What's a delta printer? Wink

It sets Xmax to 264 and Ymax to 164, so that the visual distance between, say 4 and 5 on the X axis is the same as the visual distance between, say, 10 and 11 on the Y axis.

Specifically:
The TIBD wrote:
In addition to those four window variables, there are two other window variables that you can use to set the window dimensions. ΔX is the difference between Xmin and Xmax divided by the graphscreen width and ΔY is the difference between Ymin and Ymax divided by the graphscreen height. When you set Xmin and Ymin to 0, you just need to set ΔX and ΔY to 1 to make Xmax 94 264 on the color calculators and Ymin 62 164 on the color calculators.
_iPhoenix_ wrote:
Also, Alex:
Alex wrote:
and the lower y-axis bound is set to around 164.

Nope!


That was all mostly tongue in cheek since I don't really know TI-BASIC anymore, but I appreciate the insightful lesson.
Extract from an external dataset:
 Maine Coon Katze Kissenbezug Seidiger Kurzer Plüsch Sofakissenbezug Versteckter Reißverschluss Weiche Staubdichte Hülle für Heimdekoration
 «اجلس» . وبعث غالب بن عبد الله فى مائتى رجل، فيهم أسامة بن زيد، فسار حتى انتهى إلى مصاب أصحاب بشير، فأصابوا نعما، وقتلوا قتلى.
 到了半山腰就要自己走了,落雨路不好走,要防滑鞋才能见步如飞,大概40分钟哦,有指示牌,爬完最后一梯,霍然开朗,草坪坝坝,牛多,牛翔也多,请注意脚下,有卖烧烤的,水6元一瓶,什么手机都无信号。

Mostly about in regards to the Delta stuff. Much appreciated!
DeltaX is how much the X coord changes over 1 pixel, so

Code:

:0->Xmin:~164->Ymin
:1->DeltaX:1->DeltaY:

is the same as doing:

Code:

0->XMin:~164->Ymin
Xmin + 264 -> Xmax : Ymin + 164 -> Ymax

Basically in the end, the top left pixel is coord (0,0), and adding 1 to a coord will move you 1 pixel.
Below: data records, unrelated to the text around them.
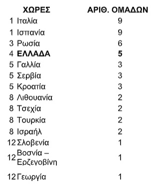 Πόσες ομάδες με τουλάχιστον 5 συμμετοχές στα ημιτελικά των Κυπέλλων Ευρώπης στο μπάσκετ έχει η κάθε χώρα (άνδρες – μέχρι και 2024)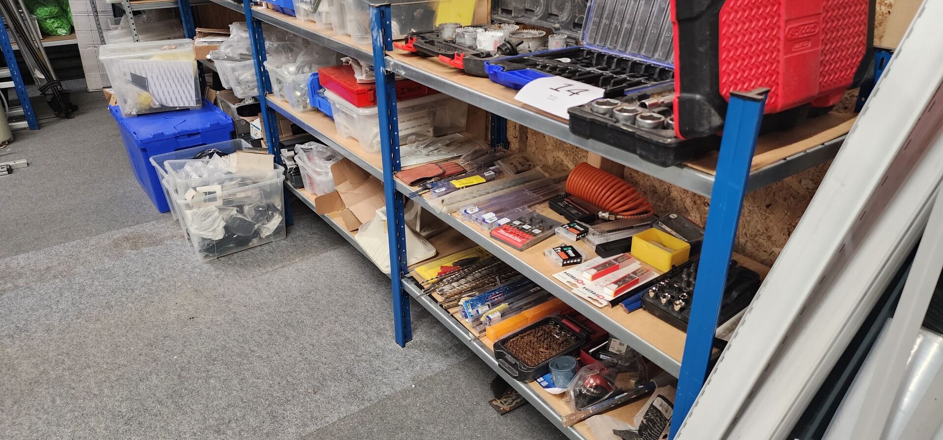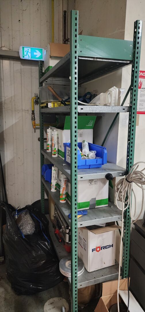 1 étagère cornière galva 10 niveaux 112 x 40 x 197 cm 1 étagère 2 modules 4 niveaux 254 x 60 x 200 cm 1 étagère métal bleu et blanc 4 niveaux 130 x 60 x 200 cm 1 étagère cornière 4 niveaux 130 x 60 x 200 cm 1 étagère mi-hauteur métal bleu 3 modules 3 niveaux 1 étagère mi-hauteur métal bleu 2 modules 3 niveaux 1 étagère mi-hauteur métal bleu 3 niveaux 1 étagère cornière métal vert 5 niveaux 107 x 40 x 200 cm LE TOUT VENDU SANS LE CONTENU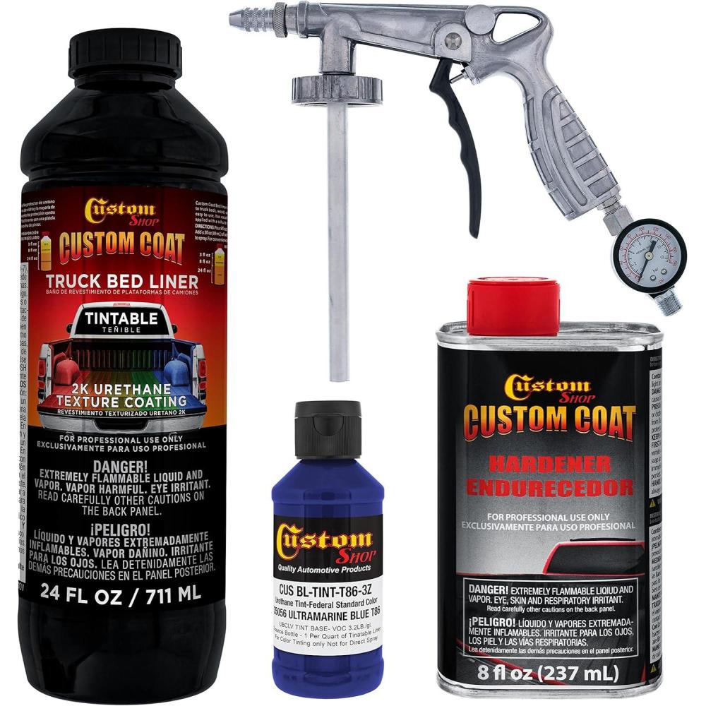 imageCustom Coat Federal Standard Color  35056 Ultramarine Blue T86 Urethane SprayOn Truck Bed Liner 1 Quart Kit with Spray Gun and Regulator  Durable Textured Protective Coating  Easy Mix Car Auto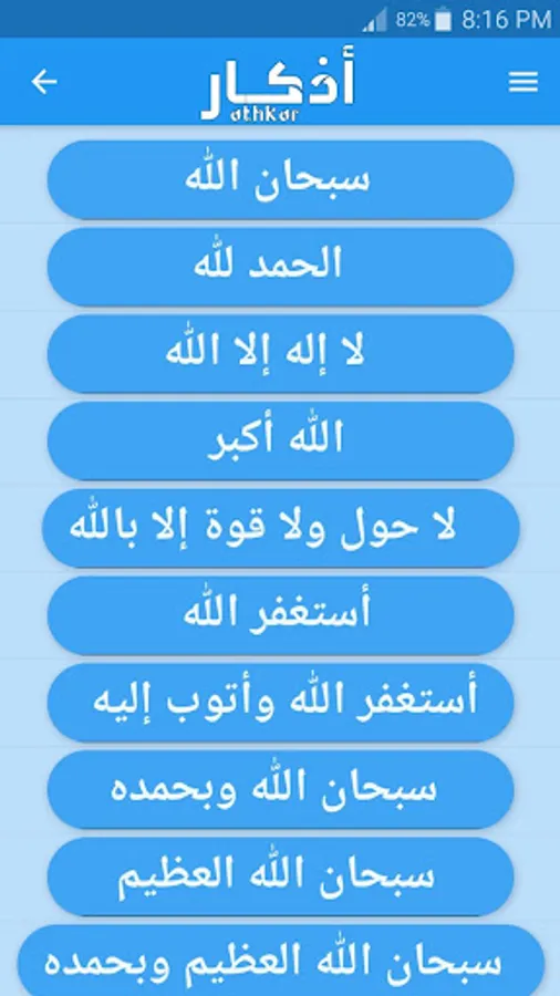 Application helps in the multiplication of God contains some of the selected Azkar such as Hallelujah, praise be to God, there is no god but Allah and God is the greatest and no power except God and ask forgiveness of God and I repent to him and Hallelujah and praise and praise God Almighty

This equation surely doesn't result in a "MERRY CHRISTMAS" message. Razz
PT_ wrote:

This equation surely doesn't result in a "MERRY CHRISTMAS" message. Razz


Code:
r^2y = rry = log_e(x/m - sa)
e^(rry) = x/m - sa
e^(rry) + sa = x/m
me^(rry) + mas = x
0 = me^(rry) - x+mas


Not bad, not bad at all. Although I might try to make it work out as me^rry + x-mas. Wink
Merry Christmas! If you're looking for a bit of Christmas fun, you can temporarily change Cemetech's boring gray/yellow background color by typing this in the console:

Code:

document.body.style.backgroundColor = "#3C8D0D";

There is also a way to make the snow in the header fall much faster or change the actual snow pictures, but that requires more work in the Inspector and should be fairly easy to figure out yourself Wink
Michael2_3B wrote:
Merry Christmas! If you're looking for a bit of Christmas fun, you can temporarily change Cemetech's boring gray/yellow background color by typing this in the console:

Code:

document.body.style.backgroundColor = "#3C8D0D";

There is also a way to make the snow in the header fall much faster or change the actual snow pictures, but that requires more work in the Inspector and should be fairly easy to figure out yourself Wink

I prefer this:

Code:

var counter = 0
function changeC(){document.body.style.backgroundColor = '#' + ('00000' + counter.toString(16)).slice(-6);; counter++;}
setInterval(changeC, 1);

(Enter the last line dozens of times for best effect)
What does it mean to type it into the console?
21tmccauley wrote:
What does it mean to type it into the console?


When you inspect a web pages source code (via right clicking, "Inspect Element") there's a little window that appears in that web pages window/tab. It shows you the source code as well as various tabs for any resources the page calls on, a timeline of events so you can see how long each file takes to load, etc etc. Some browsers may have different names for tabs. But I've always seen the "console" tab named "console." It's an incredibly useful tool.